How to Get the Most Out of Your Tax-Saving Funds

Not many people know this, but the Income Tax Department of India has made provisions for citizens to invest in certain financial instruments and schemes that offer tax exemptions. This means that by prudently investing your income, you can significantly reduce the amount of tax payable on your gross annual income. And, the recent income tax return extended due date has given taxpayers more time to align their investments accordingly.

Equity Linked Saving Scheme

One such provision is the Equity Linked Saving Scheme (ELSS), a type of mutual fund that qualifies for tax exemption under Section 80C of the Income Tax Act. Investments in ELSS are locked in for a period of 3 years, and the returns are generally higher than other fixed income instruments. However, it is advisable to compare mutual funds before investing your money in them.

Here’s how you can get the most out of your tax saving funds:

1. Understand the Tax Saving Provisions:

 The first step to maximizing your tax savings is to have a clear understanding of all tax provisions. For instance, the government, under Section 80C, provides tax benefits up to Rs. 1.5 lakh, that apply to several financial instruments including mutual funds, ELSS, PPF, and others.

2. Select the Right Scheme after Comparing Mutual Funds: 

With a plethora of mutual funds available, it’s essential to compare mutual funds to find the one that suits your financial goals the best. Analyze the performance, fees, tenure, fund manager’s expertise, and other factors before making a decision.

3. Exploit the Extended Due Date: 

The income tax return extended due date could be a big stress buster for taxpayers. This window should be used to usefully channelize finances to take maximum advantage of tax-saving funds.

4. Keep Track of Your Investment Portfolio: 

Regular monitoring of your investment portfolio helps in making necessary adjustments to get maximum returns. Assess the performance of your funds, make suitable asset allocations, and balance the risk and reward.

5. Start Early and Keep Investing:

 The earlier you start, the more time you give your investments to grow. It is beneficial to make investments at the start of the financial year rather than waiting for the last few months.

6. Diversify Your Investments: 

Diversifying your investments not only minimises risk but also ensures good returns. It’s wise to diversify across different asset classes and financial instruments.

In conclusion, to get the most out of your tax saving funds, it’s crucial to understand the tax-saving provisions, compare mutual funds, exploit the income tax return extended due date, and regularly monitor and diversify your investments.

Disclaimer: The information provided here is for informational purposes only. It is always advisable to gauge all the pros and cons when trading in the Indian financial market. Always seek professional advice before making any investment.

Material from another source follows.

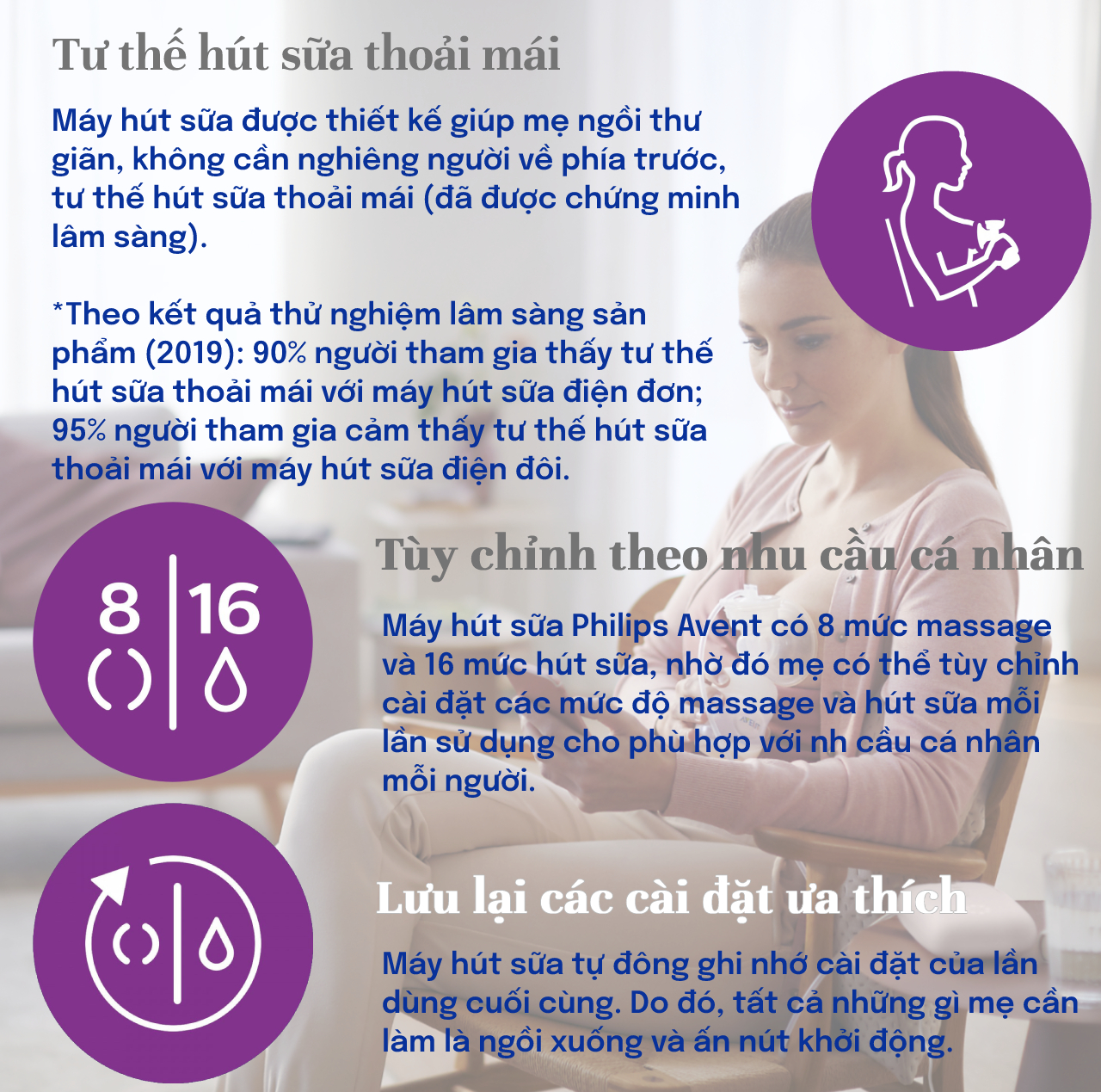 Hút sữa nhẹ nhàng và thoải mái mà không cần phải nghiêng người về phía trước
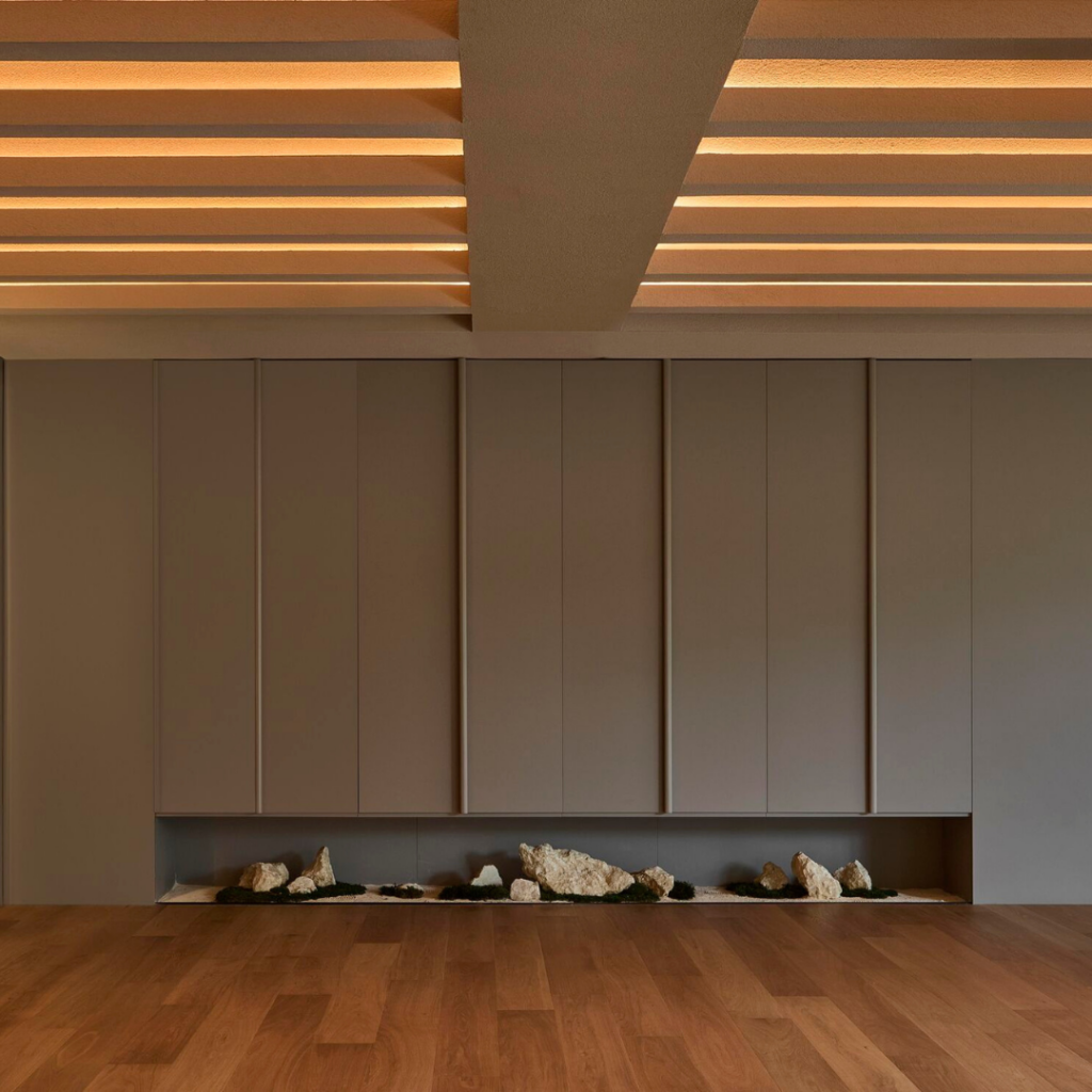 O design de iluminação foi concebido como um elemento sutil e de apoio, realçando a qualidade emocional do espaço, respeitando os ritmos naturais do corpo.

See also: app for mutual funds

Summary:

Understanding tax provisions and the benefits of tax-saving funds is the first step to making the most out of your investments. Comparing mutual funds can aid in finding suitable investment schemes. Moreover, the income tax return extended due date provides an opportunity for taxpayers to organise their finances effectively. Regularly monitoring investment portfolios and starting investments early in the year can also optimise tax-saving funds. Lastly, diversifying investments across various asset classes and financial instruments is encouraged to minimise risk and ensure good returns. However, it is always advisable to seek professional advice before making any investment in the Indian financial markets.